DeepRL_5.py contains the python code to run the Deep RL algorithm. Important considerations include:
- Values of batch_size, train_freq, k_size, and lamda values. Tuning these parameters changes the performance of the algorithm
- Reward Shape: The reward is composed of three penalties, with the first being the most important. The shape of this reward was recently changed from a smoothed step function to a triangle shape, so that the ownship is penalized more for getting closer to the intruder even in close range
- Sampling of experiences: Prioritized experience replay could be very helpful. Right now experiences are drawn randomly
Plot_DRL.ipynb is very similar to DeepRL_5.py but is tailored to plotting a picture of the encounter rather than performing deep reinforcment learning. This was useful when trying to debug the dynamics.
The remaining files in DeepRL work to plot the resulting policy produced by the DeepRL algorithm. The algorithm automatically produces .h5 files at specified intervals. These files are converted to .nnet text files using convertHDF5.py. These .nnet files are then passed to a C++ shared library, which loads the neural network weights and quickly computes the Q values given a set or multiple sets of inputs. This C++ code is found in the nnet_blas.cpp and nnet_blas.hpp files. These files are compiled to a shared library and called from within Julia using ccall.

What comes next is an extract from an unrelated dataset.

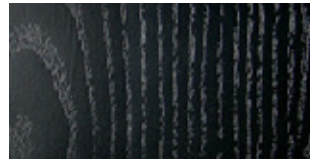
WOOD Black stained Ash

Printed colors are to be considered as purely indicative. For upholstery, refer to the Sample Chart .

The policy plots produced are shown in the AA229 paper. Note that these plots look very similar to the plots found in short-term-conf-reso.pdf, but with some differences, as discussed in the paper. We need to figure out if the DeepRL algorithm is making mistakes, or if parts of the problem like the rewards and actions were changed enough to generate different but valid policies. Eventually, this algorithm will be scaled up to a more complex 3D realm, so we want to make sure that the algorithm is correct before moving on.